And selfishly, I hope it might do the same for me!

Introduction

The Bible, while God-breathed throughout, is a book written by men “led by the Holy Spirit” who were living in a specific historical period of time. To correctly and aptly interpret it, it must be read and analyzed with that context in mind. God breathed His Word into an historic setting that spanned 1500 years— from the mountains and wilderness of Sinai, to the flowing waters of the Jordan River, to the rocky shores of Patmos. It was inspired and written on three continents, in three distinct languages, and by forty different human authors.

As a book written in history and containing history, it stands above any other surviving documents of the period or of most any other epoch of human existence. No other book compares with it.

We are left with over fifty-eight hundred documents, manuscripts, papyrus fragments, scrolls and other written sources, including pottery fragments! These sources agree in every major point, thus weaving an absolutely extraordinary historical record. No other historic document in our possession contains as much objective historic manuscript evidence as does the Bible. We do not have nearly that number of manuscripts of Plato or Aristotle’s philosophies, or of the writings of Julius Caesar. Of those we have, hundreds of years lapsed between their first being written and the date of the manuscripts, weakening the authority of these sources. In addition, archaeology has consistently supported the accounts of the Bible as historically valid, much to the ire of the Bible’s critics.

Many books have been written concerning the information above. It is not my intent to travel back through them, except to say that when I read or preach or teach the Bible, I stand with absolute confidence in its statements, doctrines, descriptions, historic and theological premises. Where science or historians or archaeology seem to disagree with the Bible, they consistently find themselves proven in error. History truly is “His story” and God has Divinely protected its transmission and preservation over the millennia. The Bible can be trusted, and is the most historically validated document in the possession of humanity!

The Apostle Paul

The Apostle Paul (formerly known as Saul the rabbi), was a man of his time. Though the Holy Spirit inspired the documents of the Bible, He did not pick up the chosen writers like some living “ink pen” and write the words of Scripture through them.

It came through their personalities (Paul’s writing differs greatly from Peter’s which differs greatly from John’s). You can see their fingerprints on the pages they wrote or dictated to a secretary who carefully captured each word spoken.

Paul was, humanly speaking, a brilliant man. Yet in spite of his background and education he claimed before one audience to “know nothing among you but Jesus Christ, and Him crucified.” He did not write Romans simply relying on a brilliant legal mind. The Holy Spirit overtook Paul’s intellect without destroying Paul’s individuality, personality, or background. God compressed personality, education, background, heritage, experience and Spirit into the vessel He used.

But Paul was also a man of his time. He could speak with eloquence of the nuances and idiosyncrasies of Jewish law as well as write with first-hand knowledge of the Olympic Games and other sporting events.

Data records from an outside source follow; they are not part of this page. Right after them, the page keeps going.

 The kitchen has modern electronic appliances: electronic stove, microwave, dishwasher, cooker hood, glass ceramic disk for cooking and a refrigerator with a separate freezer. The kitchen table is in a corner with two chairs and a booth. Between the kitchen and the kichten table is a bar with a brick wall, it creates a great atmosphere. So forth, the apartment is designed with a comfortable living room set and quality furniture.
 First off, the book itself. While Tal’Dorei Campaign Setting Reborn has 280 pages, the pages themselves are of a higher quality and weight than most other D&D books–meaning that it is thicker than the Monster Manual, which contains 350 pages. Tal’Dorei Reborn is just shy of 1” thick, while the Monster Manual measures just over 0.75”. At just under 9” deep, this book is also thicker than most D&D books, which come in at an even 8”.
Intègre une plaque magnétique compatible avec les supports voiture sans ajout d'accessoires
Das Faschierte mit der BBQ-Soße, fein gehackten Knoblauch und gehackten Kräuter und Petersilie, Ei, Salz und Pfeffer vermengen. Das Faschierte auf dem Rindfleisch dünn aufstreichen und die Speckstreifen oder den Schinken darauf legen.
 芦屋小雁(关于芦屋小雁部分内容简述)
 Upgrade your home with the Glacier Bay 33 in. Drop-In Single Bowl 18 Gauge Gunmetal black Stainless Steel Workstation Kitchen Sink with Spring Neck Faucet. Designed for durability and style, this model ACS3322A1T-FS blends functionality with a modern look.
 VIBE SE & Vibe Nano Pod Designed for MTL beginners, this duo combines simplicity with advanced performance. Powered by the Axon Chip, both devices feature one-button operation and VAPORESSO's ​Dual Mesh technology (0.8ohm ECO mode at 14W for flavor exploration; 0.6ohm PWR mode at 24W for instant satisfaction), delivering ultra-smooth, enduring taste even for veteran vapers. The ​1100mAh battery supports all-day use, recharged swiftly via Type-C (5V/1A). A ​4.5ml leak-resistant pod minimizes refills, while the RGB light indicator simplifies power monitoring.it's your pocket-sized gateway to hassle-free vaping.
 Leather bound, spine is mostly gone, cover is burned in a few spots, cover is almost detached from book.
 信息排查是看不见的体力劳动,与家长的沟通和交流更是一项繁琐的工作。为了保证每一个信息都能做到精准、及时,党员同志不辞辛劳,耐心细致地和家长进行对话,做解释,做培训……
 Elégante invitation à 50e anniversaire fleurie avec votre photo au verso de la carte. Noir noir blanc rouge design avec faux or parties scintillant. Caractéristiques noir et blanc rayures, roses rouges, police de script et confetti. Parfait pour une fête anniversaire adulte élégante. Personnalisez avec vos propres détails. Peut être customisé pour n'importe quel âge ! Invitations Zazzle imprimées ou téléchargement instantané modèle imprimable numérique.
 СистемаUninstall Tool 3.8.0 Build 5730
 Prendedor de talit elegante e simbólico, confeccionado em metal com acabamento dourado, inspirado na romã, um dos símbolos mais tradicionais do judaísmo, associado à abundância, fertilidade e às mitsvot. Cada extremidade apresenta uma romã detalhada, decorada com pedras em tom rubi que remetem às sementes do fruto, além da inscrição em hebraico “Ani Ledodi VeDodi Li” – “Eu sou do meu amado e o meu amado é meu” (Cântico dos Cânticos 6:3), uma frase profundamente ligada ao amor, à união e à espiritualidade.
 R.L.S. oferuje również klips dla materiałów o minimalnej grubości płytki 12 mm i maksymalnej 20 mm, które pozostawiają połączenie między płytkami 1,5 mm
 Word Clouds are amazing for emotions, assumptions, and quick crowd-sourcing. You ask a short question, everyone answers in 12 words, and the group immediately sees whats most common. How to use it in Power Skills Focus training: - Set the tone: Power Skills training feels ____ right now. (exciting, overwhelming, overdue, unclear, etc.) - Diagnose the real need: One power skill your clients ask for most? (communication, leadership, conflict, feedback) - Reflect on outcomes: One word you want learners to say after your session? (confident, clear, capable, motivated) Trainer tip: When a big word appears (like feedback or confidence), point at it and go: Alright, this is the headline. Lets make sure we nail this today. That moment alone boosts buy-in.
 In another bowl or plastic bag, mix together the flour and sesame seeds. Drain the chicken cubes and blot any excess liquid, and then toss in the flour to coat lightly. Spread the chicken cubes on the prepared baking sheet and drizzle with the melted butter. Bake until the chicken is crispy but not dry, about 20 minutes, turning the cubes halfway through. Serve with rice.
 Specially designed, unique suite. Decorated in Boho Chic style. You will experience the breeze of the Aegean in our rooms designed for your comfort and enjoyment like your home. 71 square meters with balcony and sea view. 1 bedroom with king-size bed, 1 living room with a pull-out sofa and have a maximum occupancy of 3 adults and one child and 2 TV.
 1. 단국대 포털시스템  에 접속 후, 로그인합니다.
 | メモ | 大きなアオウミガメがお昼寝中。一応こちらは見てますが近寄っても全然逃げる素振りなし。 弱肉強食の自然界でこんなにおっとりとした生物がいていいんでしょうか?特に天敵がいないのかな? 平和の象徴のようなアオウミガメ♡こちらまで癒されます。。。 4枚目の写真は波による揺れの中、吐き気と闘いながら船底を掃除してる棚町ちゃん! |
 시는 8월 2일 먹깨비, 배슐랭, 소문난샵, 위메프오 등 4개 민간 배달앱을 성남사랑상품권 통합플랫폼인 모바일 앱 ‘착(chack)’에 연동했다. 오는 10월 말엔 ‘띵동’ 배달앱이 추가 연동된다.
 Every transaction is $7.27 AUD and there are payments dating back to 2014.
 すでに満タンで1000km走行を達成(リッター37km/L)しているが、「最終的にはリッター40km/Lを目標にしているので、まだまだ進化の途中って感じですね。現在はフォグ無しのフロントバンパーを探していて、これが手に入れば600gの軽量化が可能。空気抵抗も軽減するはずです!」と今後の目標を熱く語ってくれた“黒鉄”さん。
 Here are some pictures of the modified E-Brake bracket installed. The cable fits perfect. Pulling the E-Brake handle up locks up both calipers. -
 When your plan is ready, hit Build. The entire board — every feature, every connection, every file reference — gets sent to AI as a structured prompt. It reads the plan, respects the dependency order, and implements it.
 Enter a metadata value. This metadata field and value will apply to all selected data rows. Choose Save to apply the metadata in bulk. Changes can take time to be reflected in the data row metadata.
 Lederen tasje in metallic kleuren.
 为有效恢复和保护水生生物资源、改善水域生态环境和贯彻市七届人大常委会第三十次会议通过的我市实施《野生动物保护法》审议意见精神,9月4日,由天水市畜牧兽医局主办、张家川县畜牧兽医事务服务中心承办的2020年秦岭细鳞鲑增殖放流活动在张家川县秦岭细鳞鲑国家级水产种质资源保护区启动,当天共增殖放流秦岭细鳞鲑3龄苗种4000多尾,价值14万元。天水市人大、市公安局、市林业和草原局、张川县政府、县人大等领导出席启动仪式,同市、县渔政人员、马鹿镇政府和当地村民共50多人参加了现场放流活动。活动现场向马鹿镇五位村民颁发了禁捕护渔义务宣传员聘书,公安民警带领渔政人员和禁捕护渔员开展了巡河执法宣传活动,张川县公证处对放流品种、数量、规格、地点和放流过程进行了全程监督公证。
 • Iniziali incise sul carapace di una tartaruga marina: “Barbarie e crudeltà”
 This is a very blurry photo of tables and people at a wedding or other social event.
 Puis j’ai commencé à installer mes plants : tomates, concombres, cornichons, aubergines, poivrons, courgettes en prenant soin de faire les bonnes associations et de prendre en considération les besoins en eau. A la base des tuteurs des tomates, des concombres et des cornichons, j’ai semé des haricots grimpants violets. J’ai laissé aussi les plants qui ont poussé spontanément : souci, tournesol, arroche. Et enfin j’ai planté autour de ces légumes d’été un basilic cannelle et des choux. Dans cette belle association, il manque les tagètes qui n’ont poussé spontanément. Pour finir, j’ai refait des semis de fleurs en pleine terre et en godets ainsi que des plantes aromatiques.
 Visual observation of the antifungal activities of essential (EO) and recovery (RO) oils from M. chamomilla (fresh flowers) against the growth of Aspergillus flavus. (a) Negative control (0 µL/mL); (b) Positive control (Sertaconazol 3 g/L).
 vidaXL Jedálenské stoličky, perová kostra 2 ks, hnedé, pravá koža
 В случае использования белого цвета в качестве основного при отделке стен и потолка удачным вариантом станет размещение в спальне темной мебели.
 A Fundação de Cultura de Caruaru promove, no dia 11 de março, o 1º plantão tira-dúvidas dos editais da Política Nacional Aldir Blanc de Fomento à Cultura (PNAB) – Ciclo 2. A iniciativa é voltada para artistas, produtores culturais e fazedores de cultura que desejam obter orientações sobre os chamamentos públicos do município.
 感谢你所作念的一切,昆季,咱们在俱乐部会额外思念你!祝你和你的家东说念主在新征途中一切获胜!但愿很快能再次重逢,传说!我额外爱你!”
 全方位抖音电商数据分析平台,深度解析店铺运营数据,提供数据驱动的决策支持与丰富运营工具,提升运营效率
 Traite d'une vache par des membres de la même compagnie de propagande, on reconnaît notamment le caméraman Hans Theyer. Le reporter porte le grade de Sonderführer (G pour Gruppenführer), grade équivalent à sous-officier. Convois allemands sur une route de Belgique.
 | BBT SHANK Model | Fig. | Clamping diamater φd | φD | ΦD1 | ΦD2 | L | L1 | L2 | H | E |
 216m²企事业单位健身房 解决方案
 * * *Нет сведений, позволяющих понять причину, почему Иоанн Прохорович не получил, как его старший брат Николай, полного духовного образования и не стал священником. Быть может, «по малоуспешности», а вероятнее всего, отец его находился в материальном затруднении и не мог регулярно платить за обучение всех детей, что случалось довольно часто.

These things are influential and need to be kept before the reader as we move into the work of interpreting Colossians for our time. World history of the day must also be kept in view to get the best understanding possible of God’s Word.

Rome and Colossae

Paul and the Colossians were people of Rome. The Roman Empire stood for almost 1500 years influencing, challenging, and changing their world. The maps of Europe and Asia and some of Africa that we still use today contain delineations of countries put in place by Rome.

Many words we still use in our language today were inspired by usage in the Roman Empire, as are laws and understandings of law and justice that still impact the judicial system today.

The empire was, by some accounts, just over sixty years in existence when the words of Colossians were first written. Rome was young, and hungry, and had already conquered territories that expanded from India in the east to Great Britain to the west.

Rome also kept a relatively uneasy peace among the people’s conquered in its 4 million plus square- mile-empire which stretched from India to Britannia, the Netherlands to Africa. The “pax Romana,” (the peace of Rome) allowed for the employment of massive numbers of slave labor and unemployed soldiers in creating the Roman Road, of which “all roads lead to Rome” was speaking.

The empire wisely embraced a “laissez-fare” or “hands off” approach when it came to allowing existing religious systems to continue. In Rome’s view, this was added value in helping the peace continue. And in fact with a few insignificant exceptions, attempts to overthrow the Roman government were few and always failed.

In the same time frame, the Jewish religion grew aggressively. A few years ago, while visiting Macedonia, we were confronted in every small town with an Islamic prayer tower. I asked the missionary giving us the tour if the religion of Islam was prevalent there. He said, “Many of the prayer spires and mosques are not being used yet, but they intend for them to be.” The mosques reflect Islam’s determination to be a worldwide religion.

That was what the Jews did. They embarked on an aggressive growth campaign that involved building a synagogue in every city possible, even though a rabbi was not available to oversee it. These synagogues became vital for the propagation of the Gospel, as Paul was a trained and credentialed rabbi who would be eagerly heard by a Jewish audience, especially in those places without their “own” rabbi.

The Roman road system, some of which is still in use today (including some bridges!), provided ample freedom for Paul and other missionaries to move quickly into the world conquered by Rome. The trip that the leaders of the Colossian church took to Ephesus was about one hundred twenty miles in length, but could be accomplished in safety and relative ease, thanks to the Roman road system and the guards along the way who kept it free from highway bandits.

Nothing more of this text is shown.